Supermarket Direct
- Industry: Internet retail
- Founded: October 1995; 30 years ago
- Founder: Adrian Flanagan, Dominick Scott-Flanagan
- Fate: Bought by Somerfield
- Headquarters: London, U.K.
- Area served: South East England
- Key people: David Noble
- Services: Groceries

= Supermarket Direct =

British online grocer

Supermarket Direct was a pioneering online grocer, providing a home grocery shopping and delivery service in London from October 1995. The company sold Sainsbury's-provided groceries until it was bought by Somerfield and integrated into the Somerfield Direct home shopping service.

==History==

Supermarket Direct was founded by Adrian Flanagan and Dominick Scott-Flanagan, and launched in October 1995.
The deal with Sainsbury's made Sainsbury's the first major grocery store in the UK to provide home shopping.

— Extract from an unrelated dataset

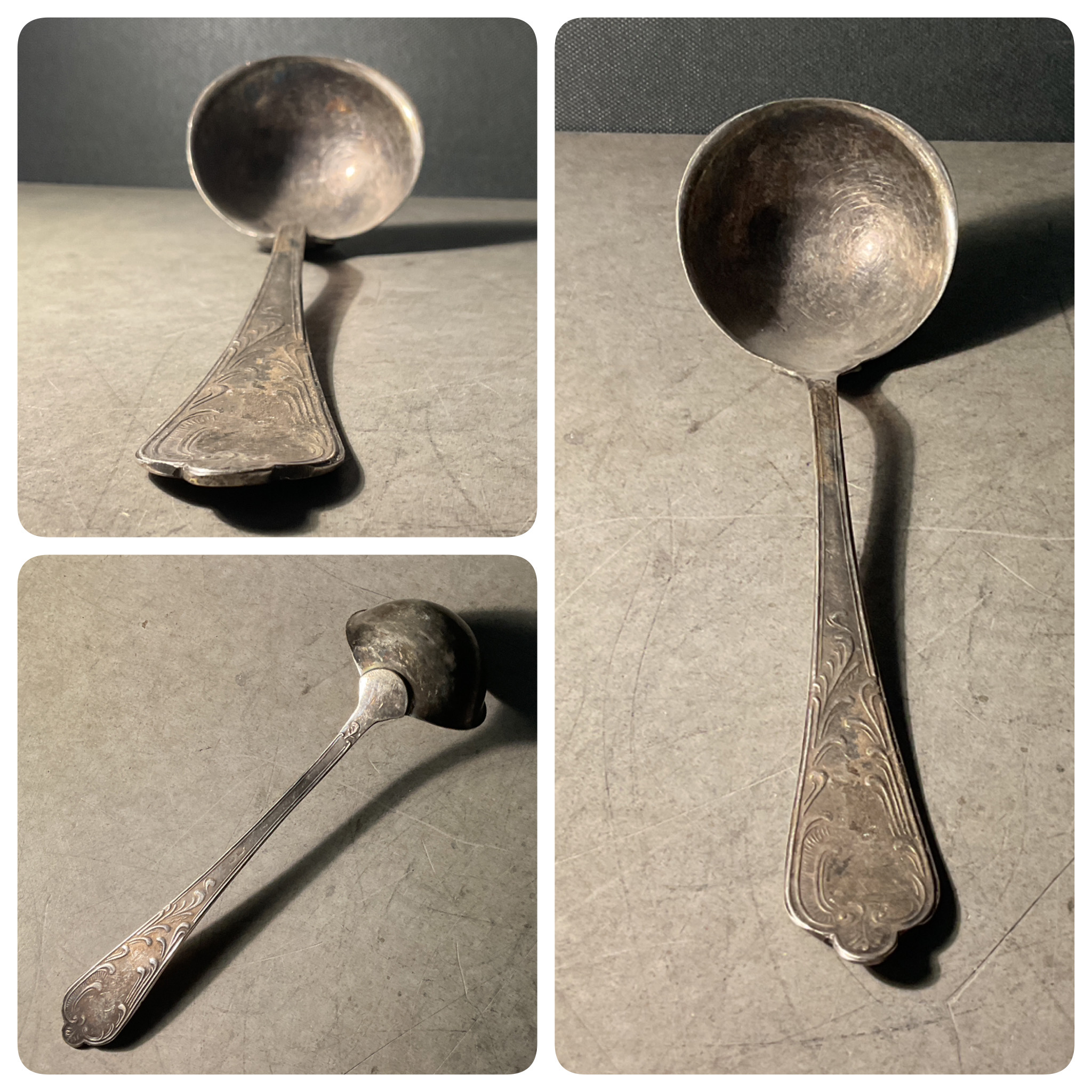 Louche en métal argentée

At the launch, customers could select from a catalogue of 1,700 proprietary branded groceries, and telephone or fax their order to a call centre. Orders received before 6pm could be delivered within a two-hour period the following day. Following a relaunch in 1996 a further 800 Sainsbury's-branded groceries were added to the catalogue, and by November 1998 over 4,000 products were available including Flanagan's own label products. Delivery was charged for, initially at £4, later at £5.

Running a small fleet of 12 vans, by the start of 1997 the company had 5,000 regular customers and was taking 170 orders per day.

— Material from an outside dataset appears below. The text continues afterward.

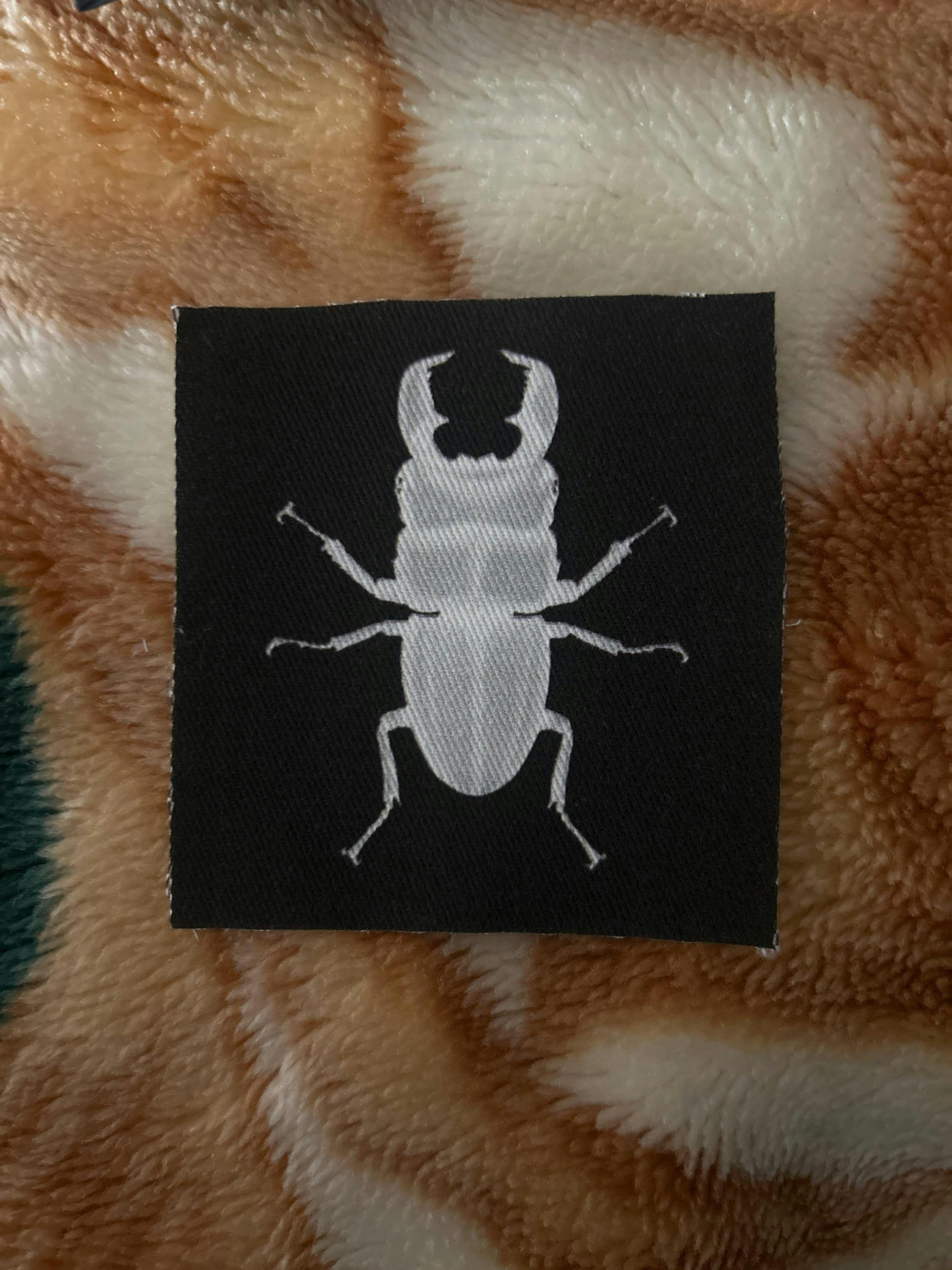 This is a DIY patch for your jacket, vest, shirt, backpack, or bag. It will come square-ish in shape and measure approximately 2.75x3". It features a stag beetle in black and white color.

Somerfield bought Supermarket Direct in April 1999 for £3.25 million, and Supermarket Direct partners Dominick Scott-Flanagan and David Noble joined the Somerfield Direct board. At the time Somerfield Direct only covered the South West of England from its base in Bristol. With the incorporation of Supermarket Direct, Somerfield Direct extended its range to the London area.